Raúl Aguirre-Gamboa and Niek de Klein
2018-11-29
DeconCell is an r package containing models for predicting the proportions of circulating immune cell subpopulations using bulk gene expression data from whole blood. Models were built using an elastic net and training in 95 healthy dutch volunteers from the 500FG cohort with FACS quantification of 73 circulating cell subpopulations as described in our previous publication. For additional details on methods and results please go our manuscript.
library(devtools)
#install_github("molgenis/systemsgenetics/Decon2/DeconCell")
Let's load and pre-process our example data. These are 5 samples with > ~40k genes quantified. These are gene read counts, we need to approximate the example data to a normal-like distribution and account for library sizes. In order to do this, we use the dCell.expProcessing
function. This function will perform a TMM normalization (as described in the edgeRpackage) a log2(counts+1) and scale (z-transformation) per gene.
library(DeconCell)
library(edgeR)
## Loading required package: limma
library(tidyverse)
## ── Attaching packages ────────────────────────────────── tidyverse 1.2.1 ──
## ✔ ggplot2 3.0.0 ✔ purrr 0.2.5
## ✔ tibble 1.4.2 ✔ dplyr 0.7.6
## ✔ tidyr 0.8.1 ✔ stringr 1.3.1
## ✔ readr 1.1.1 ✔ forcats 0.3.0
## ── Conflicts ───────────────────────────────────── tidyverse_conflicts() ──
## ✖ dplyr::filter() masks stats::filter()
## ✖ dplyr::lag() masks stats::lag()
library(ghibli)
data("count.table")
dCell.exp <- dCell.expProcessing(count.table, trim = TRUE)
## [INFO] Total of 95.33 % genes from dCell are found
data("dCell.models")
prediction <- dCell.predict(dCell.exp, dCell.models, res.type = "median")

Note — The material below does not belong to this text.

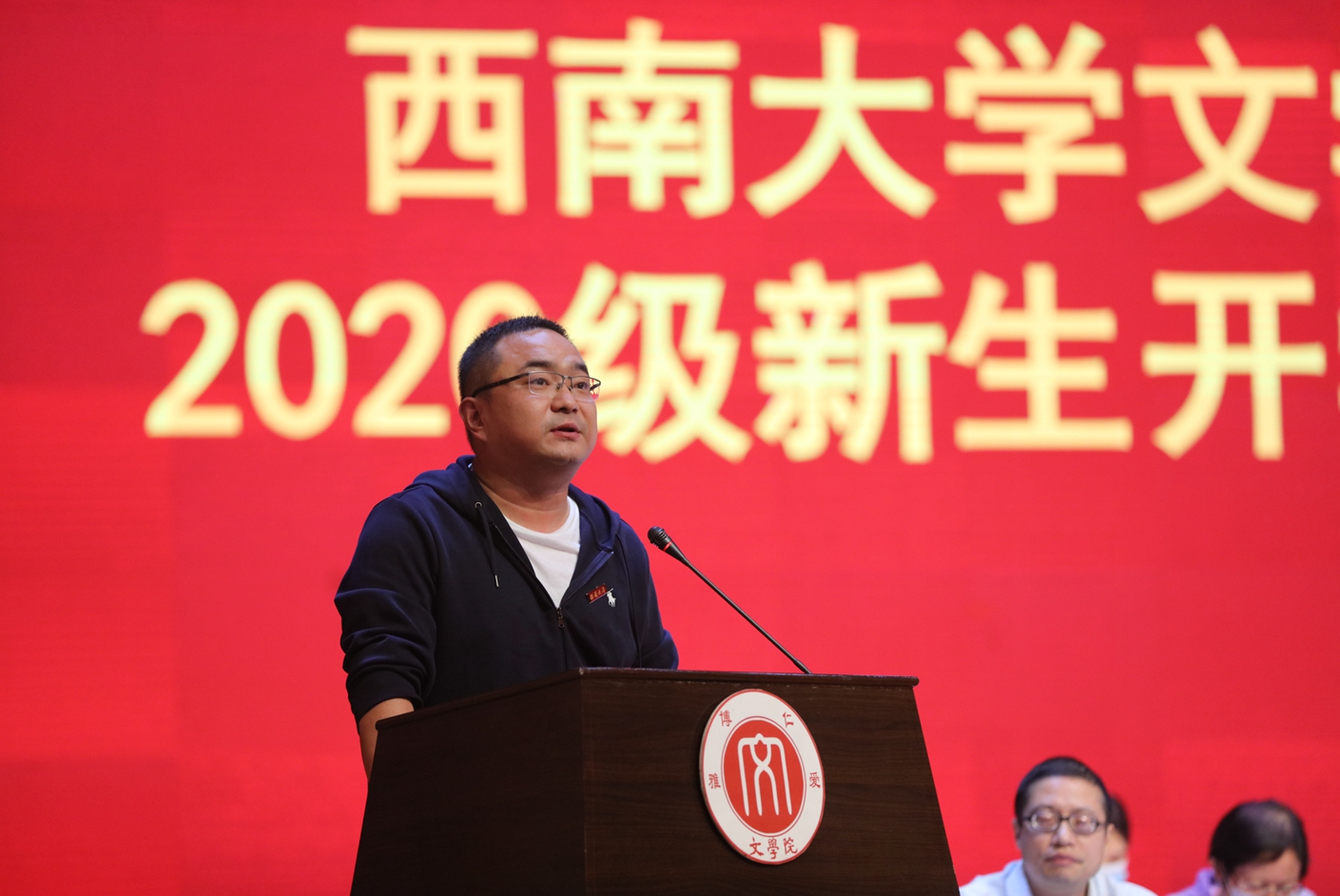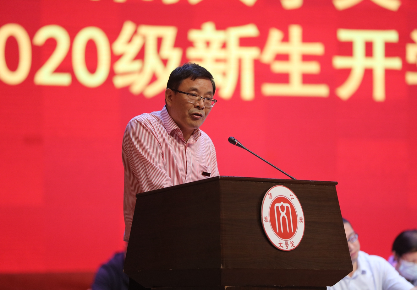 经理王本朝教授发表致辞并代表全院师生员工向新生们表示欢迎和祝贺。他指出,同学们即将开启一段新的人生征程,伟德国际1946也将是你们人生的加油站。随后,王本朝经理结合自身从教30年的经历向新生们提出三点希望:一是“立志高远”。不同目标,就会有不同的追求,也会有不同的老员工活。要有理想、有目标,做一个有情怀、有独立思想、有审美趣味、有现代思维的人;二是“脚踏实地”。文学是思想的结晶,是语言的艺术,是生命的象征。不要恃才傲物、自我中心、华而不实,要学会理解人、包容人、尊重人;三是“以读书为乐”。要丰富自己的生活、精神和情感。多读中外文学经典和思想文化名著,在阅读中积累知识,养成审美能力,学会写作技巧。王本朝经理勉励大家不负韶华,珍惜大学时光,给未来留下充实而美好的回忆。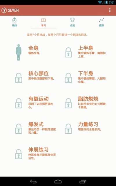 Seven的7分钟锻炼提供了清晰的图解、可视计时器、语音指示,甚至有触觉反馈以在30秒强度锻炼和10秒休息之间切换。

head(prediction$dCell.prediction)
## Granulocytes B cells (CD19+) CD4+ T cells CD8+ T cells
## sample_1 44.91095 3.153132 25.36669 10.813036
## sample_2 53.30947 1.956458 18.57895 6.745036
## sample_3 55.40200 2.166409 16.92569 8.206814
## sample_4 46.32392 2.812778 18.36118 10.352024
## sample_5 50.43606 2.802476 23.81135 10.867829
## DN (CD4- CD8-) NK dim (CD56+ CD16+) Monocytes (CD14+) Lymphocytes
## sample_1 2.004035 5.291112 6.513887 49.23558
## sample_2 2.360521 2.729987 7.173571 39.85655
## sample_3 1.607821 5.548666 6.952072 35.70784
## sample_4 2.220237 4.314080 7.280391 46.70237
## sample_5 1.899609 4.232615 5.949453 44.31698
## CD45RO- CD45RA+ T cells CD4+ Naive CD45RA+ CD27+
## sample_1 18.01465 12.798075
## sample_2 13.06061 8.380361
## sample_3 14.06929 9.410064
## sample_4 11.51714 6.446478
## sample_5 15.79403 11.325952
## CD4+ Naive CD45RO- CD27+ Intermediate monocytes (CD14+CD16+)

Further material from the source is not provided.